7 Replies to “Schrott”

  1. Der Dschungel fällt mir bei solchen Meldungen auch immer ein, denn es hat sich nichts geändert, was in dem Buch beschrieben wird, nichts.

    Na ja, ich kaufe mein weniges Fleisch direkt beim Bio-Bauern. Weiderinder, Schweine im Stroh und im Familienverband, etc. Der verwendete Schlachthof ist klein und fein zu Mensch und Tier. Wurst etc. wird dann sowie so auf dem Hof gemacht, von einem bayerischen Metzger in aller Ruhe.

    Das Video von den Wolfsburgern ist wirklich unter aller Kanone.

    1. Ein Glück, dass ich mir das noch angesehen habe 😉
      Wahrscheinlich wurde er juristisch angedroht. Anscheinend kann die “Weltfirma” Kritiken nicht ab.

      1. Die Nummer hatte die Agentur “Voltage” gebaut – deren Cheffe eine interne Untersuchung angekündigt hat und sich bis dahin nicht mehr äußern will. Die Inhalte werden anscheinend von verschiedenen Agenturen produziert und jeweils automatisch auf den VW-Account ausgespielt. Bei Agenturen ist es oft so, dass der Chef für die Akquise zuständig ist, die Kampagnen von den Kreativen entwickelt werden und die tägliche Arbeit dann von den HiWis erledigt wird. Es ist wie überall. Die Strukturen geben die oben vor, und wenn es ein strukturelles Problem gibt, sind es die unten, die’s ausbaden müssen…
        https://www.horizont.net/agenturen/nachrichten/rassistische-werbung-von-vw-das-sagt-die-verantwortliche-agentur-voltage-183186

        1. Was ich aber nicht verstehe. Wenn der Auftraggeber, hier VW, der Agentur einen Auftrag für das neue Modell gibt, wieso guckt sich der Auftraggeber das Video nicht vorher an, bevor sie veröffentlicht werden soll. Wenn ja, dann hat der Auftraggeber kein Gespür für die Gesellschaft. Hauptsache, es soll anregend und provozierend sein (wobei das Video inhaltliche nicht so recht passen will um für ein Auto zu werben).
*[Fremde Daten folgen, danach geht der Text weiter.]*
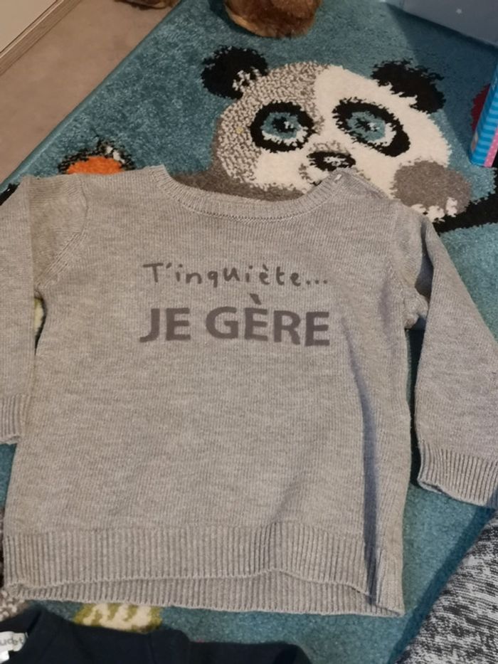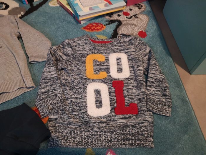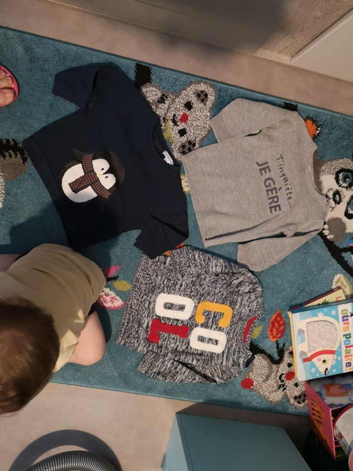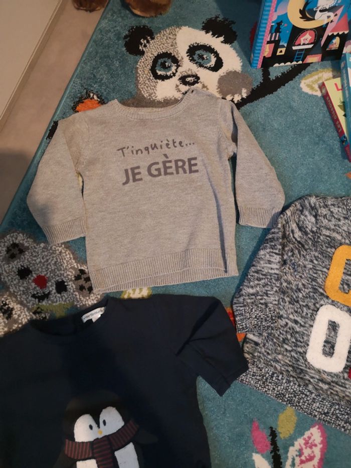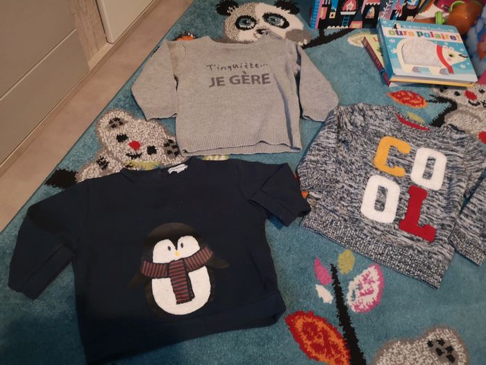(1 pull verbaudet bleu molletonné patch Pingouin 🐧pressions nuque (VENDU!) ⚠️) 1 pull gris "t'inquiète je gère" boutons épaules de Pat et Ripaton 1 pull chiné inscription COOL multicolor pression épaule d Orchestra 12 MOIS TRÈS Bon état 1ers achats 2020 2021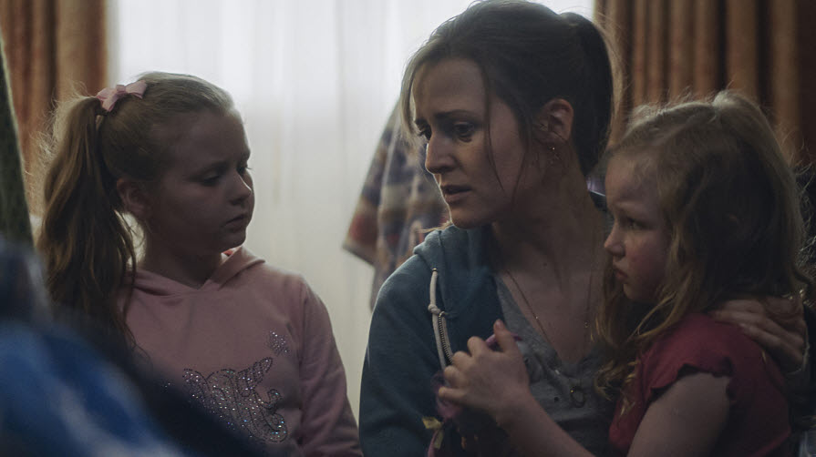Clare Dunne, an Irish actress who writes the screenplay along with Malcolm Campbell, plays the heroine of the film, and the movie begins with a sweet and playful moment between her character and her character’s two little daughters in their home, which is soon disrupted by the appearance of her violently abusive husband. He is quite furious to find that his wife has been saving some money which is apparently for leaving him along with their kids someday, and, once she has her daughters go outside, this bastard begins to beat and insult her without any hesitation.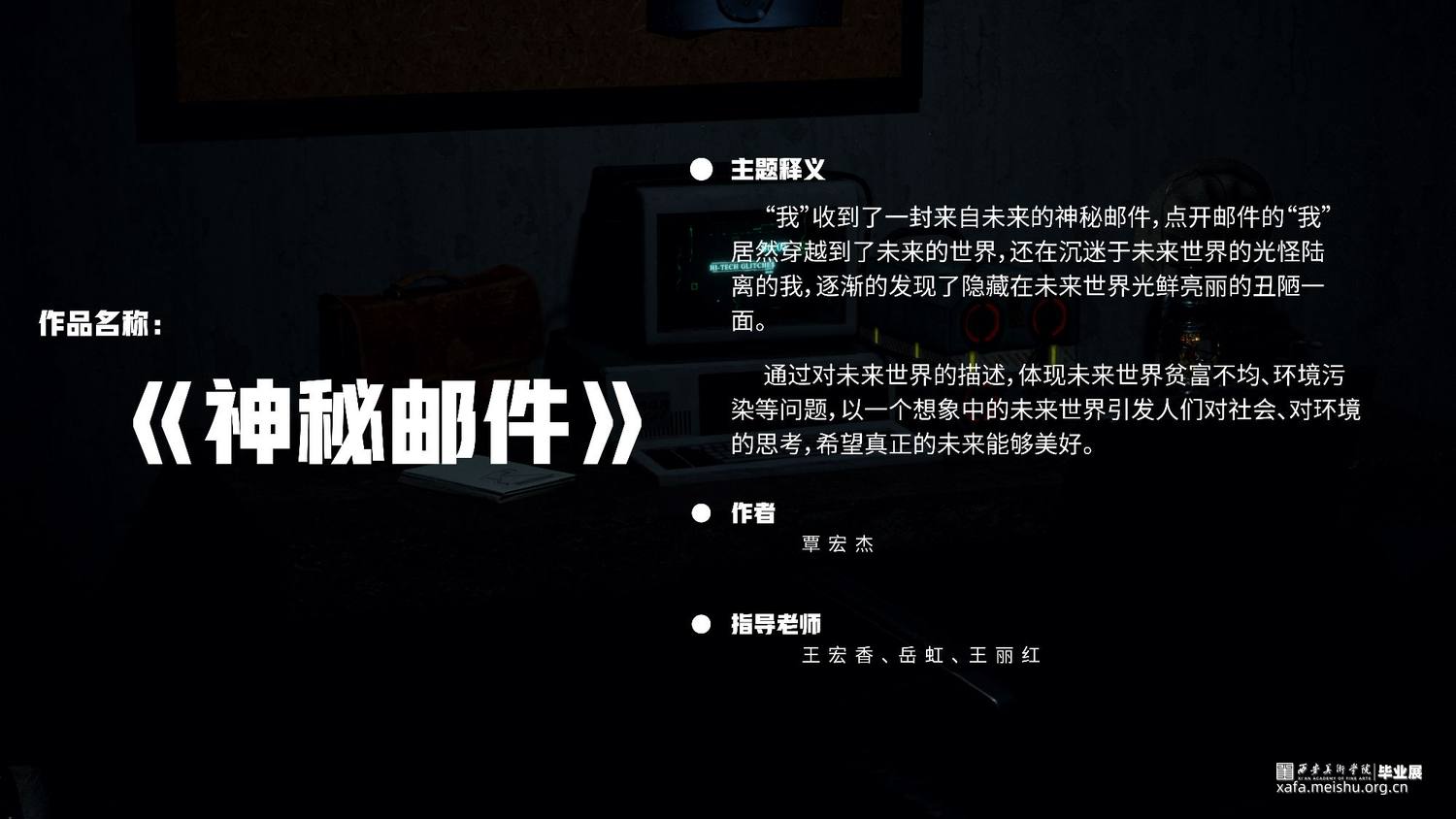 “我”收到了一封来自未来的神秘邮件,点开邮件的我居然穿越到了未来的世界,还在沉迷于未来世界的光怪陆离的我,逐渐地发现了隐藏在未来世界光鲜亮丽下的丑陋一面。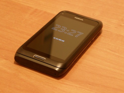 A co teraz dostajemy w E7 z nowości? Jedynie dotyk, dotkliwy dotyk bezmyślnych oszczędności na wyposażeniu topowego modelu. Co z tego, że kamera główna ma matrycę 8Mpix zdolną rejestrować filmy HD 720p, kiedy szajsowata optyka, jak z opisu w tym teście wynika, nie pozwoli na przyzwoitą jakość obrazu. Żegnajcie zdjątka makro, bardzo praktyczne choćby tylko w biznesowym pstrykaniu wizytówek lub nalepek towarowych z 'druczkiem-maczkiem’, by je utrwalić i obejrzeć na ekranie, z bliska. BRAK ROZSZERZENIA PAMIĘCI slotem na karty w modelu high-end roku 2010/2011??? Klawiatura 4-rzędowa ponownie zmusi edytującego tekst posiadacza do przełączania litery-cyfry. Gniazdeczko HDMI… owszem, fajna sprawa w wolnych chwilach, jednak ograbianie E7 z tego, co już było, sprawdzonego, najpotrzebniejszego w praktyce nie tylko biznesowej jest sromotną pomyłką. Rozdzielczość wyświetlacza oczywiście pomniejszona względem powszechnego standardu w smart-fonach konkurencji, flaki typu procek, RAM itp. – przeciętne, ale rozumiem, do wysterowania 59% pikseli względem ekranów konkurencji może wystarczyć. A róbta co chceta, konstruktory z Nokija. Na kija taka topowa nowość, okaleczona na dzień-dobry?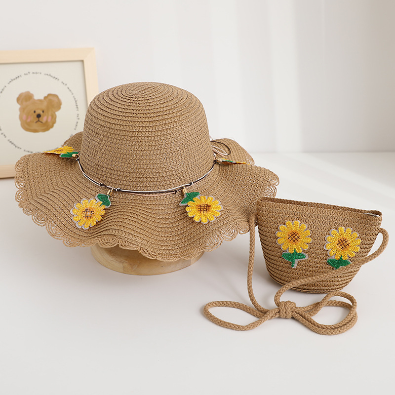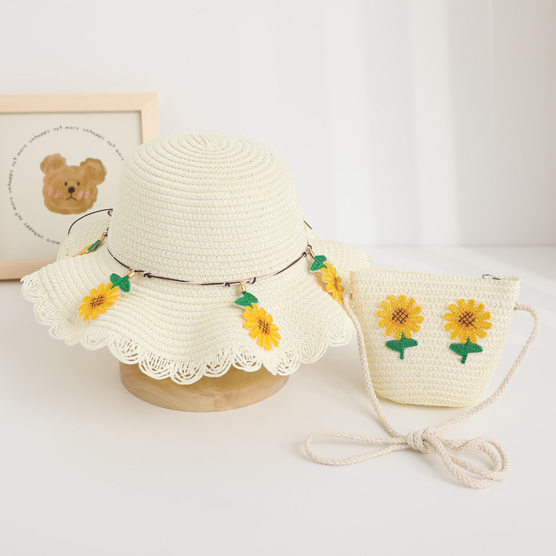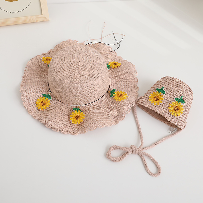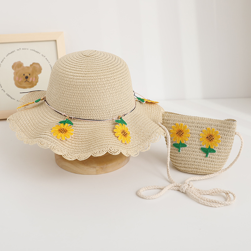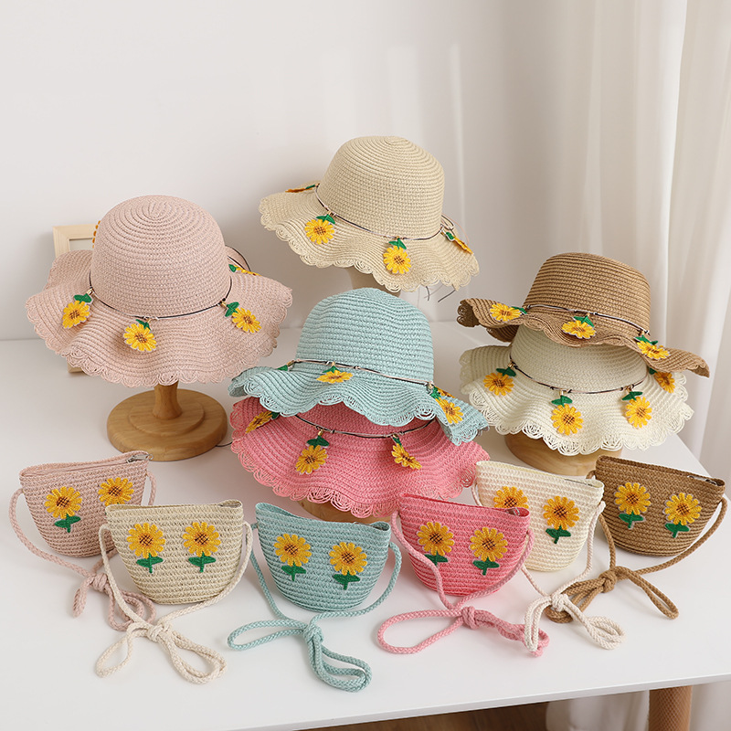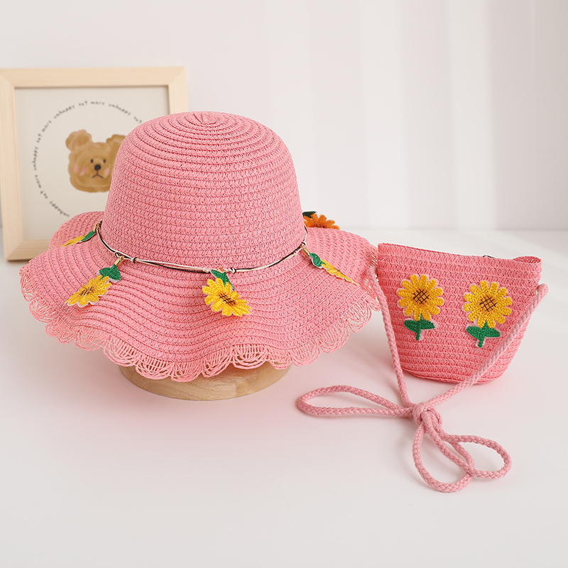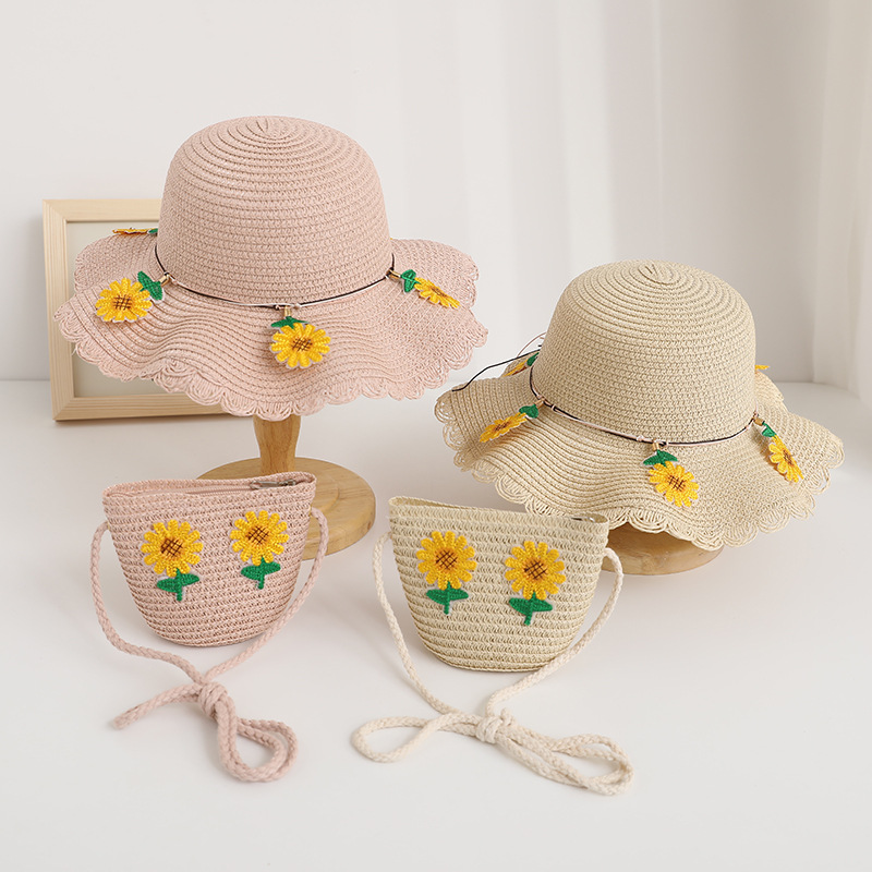 儿童遮阳帽子夏季女童出游草帽包包套装防晒沙滩帽宝宝太阳渔夫帽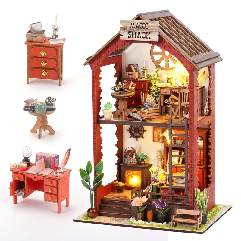 - 📚Decorate Your Book Shelf: You will feel a sense of accomplishment when you finish it.If you encounter any problems assembling this diy miniature dollhouse kit, please feel free to let us and we will provide you with a solution as soon as possible.【Note】You need to prepare the silicone liquid glue and 2 AAA batteries yourself, as air transport is prohibited.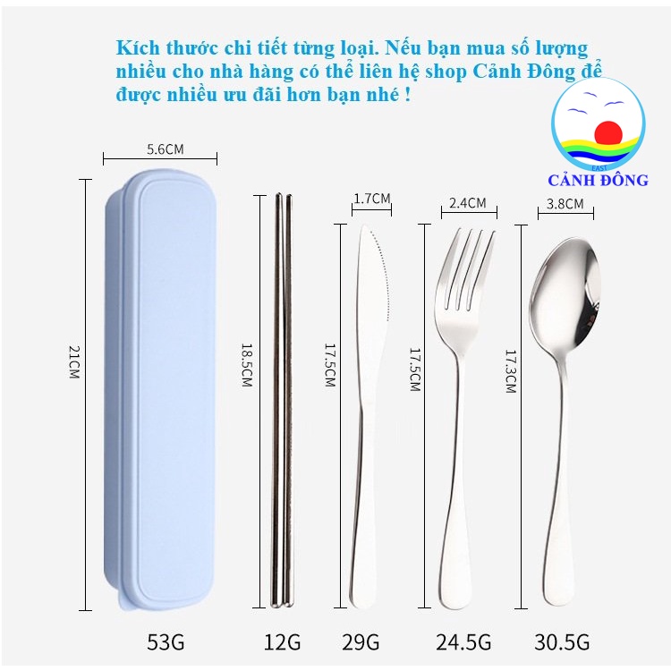 Kích thước: Hộp Dài 21cm Rộng 5.6cm, Đũa Dài 18.5cm, Giao Dài 17.5cm Rộng 1.7cm, Nĩa Dài 17.5cm Rộng 2.4cm, Muỗng Dài 17.3cm Rộng 3.8cm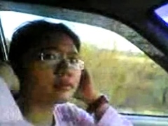 Brunette milf in fishnets fucked in taxi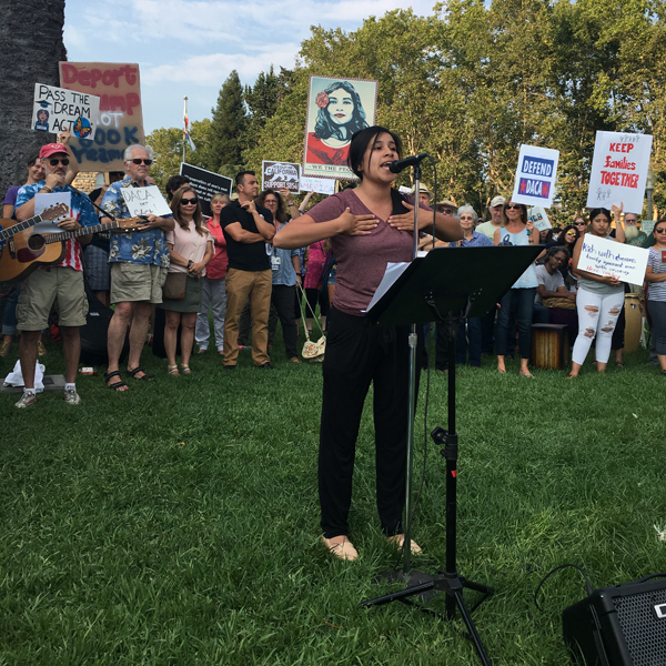 An ebullient, caring community of more than 250 Sonomans rallied in the Plaza on Wednesday, September 6th in support of the Dreamers, the young people given a reprieve and some opportunities under former president Obama’s Deferred Action for Childhood Arrivals program, or DACA. The rally was co-sponsored by the Sonoma Valley Democrats and Resist Sonoma in response to the Trump administration announcement the day prior that DACA would be eliminated in six months. The atmosphere was enthusiastic as ralliers, the majority from the Anglo community, gratefully embraced the opportunity to stand up and be counted with regard to this action by the present White House.

          Auch wenn der Auftraggeber bzw. der Chef der Agentur diesen Auftrag den Mitarbeitern weitergibt, haben die immer noch die Verantwortung.

          Viele Grüße
          Pit

          1. Wir reden hier über einen Großkonzern. Wenn da der Vorstand alle Werbemaßnahmen abnicken muss, die weltweit ausgespielt werden, dann hat der nichts anderes mehr zu tun. Oft wird nur die grobe Richtung der Kampagne mit der Agentur abgesprochen. Und je größer die Agentur, desto weniger ist der Chef der Agentur in den einzelnen Maßnahmen drin. Das geht so weit, dass schon bei kleinen Firmen die Social Media-Leute relativ unabhängig agieren, obwohl ein einziger dummer Satz auf Facebook einen teueren Shitstorm auslösen kann. (Olympus Deutschland hat mich zum Beispiel auf ihrer Facebook-Seite auf “Stumm” geschaltet, damit ich nicht irgendwelche kritische Sachen posten kann. Der Treppenwitz ist ja, dass ich diese Seite seinerzeit angelegt habe – weil die niemanden hatten, der das konnte.) Das Problem ist schlicht, dass die meisten Firmen die Bedeutung von eigenen Social Media-Kanälen falsch einschätzen. Die Marktmacht von Mega-Influencern wie Bianca Claßen wird zwar korrekt eingeschätzt (“Hier haste 100.000 Euro, wir haben da noch ne Million Schuhe rumstehen, die will keiner haben. Vertick die mal.”) aber die eigenen Kanäle werden von Praktikanten, Werkstudenten oder eben externen Agenturen bespielt. Und wenn da jemand aus der Firma draufkuckt und die Hände über dem Kopf zusammenschlägt, dann muss der erstmal den zuständigen Abteilungsleiter anspitzen, der natürlich für das Engagement der Agentur verantwortlich ist und nicht unter die Nase gerieben kriegen will, dass er da was verbockt hat. Und die Agentur beruft sich auf die abgenickte Kampagnenplanung. Also rennt das gegen die Wand. Das nennt man Parkinsons Peter-Prinzip. Oder so ähnlich.

  2. Weiterhin tolle Überraschungen bei Schaufeln.
    Zeitreise inbegriffen.
    Kleine regionale Schlachthöfe sind Aufgrund der einzuhaltenden Auflagen in allen Bereichen nicht mehr Konkurrenzfähig. Die Masse macht den Preisdruck wieder Wett.
    Wir gehen am eigenen System kaputt und werden krank.
    Wo viel Geld im Spiel ist, gibt es keine Moral.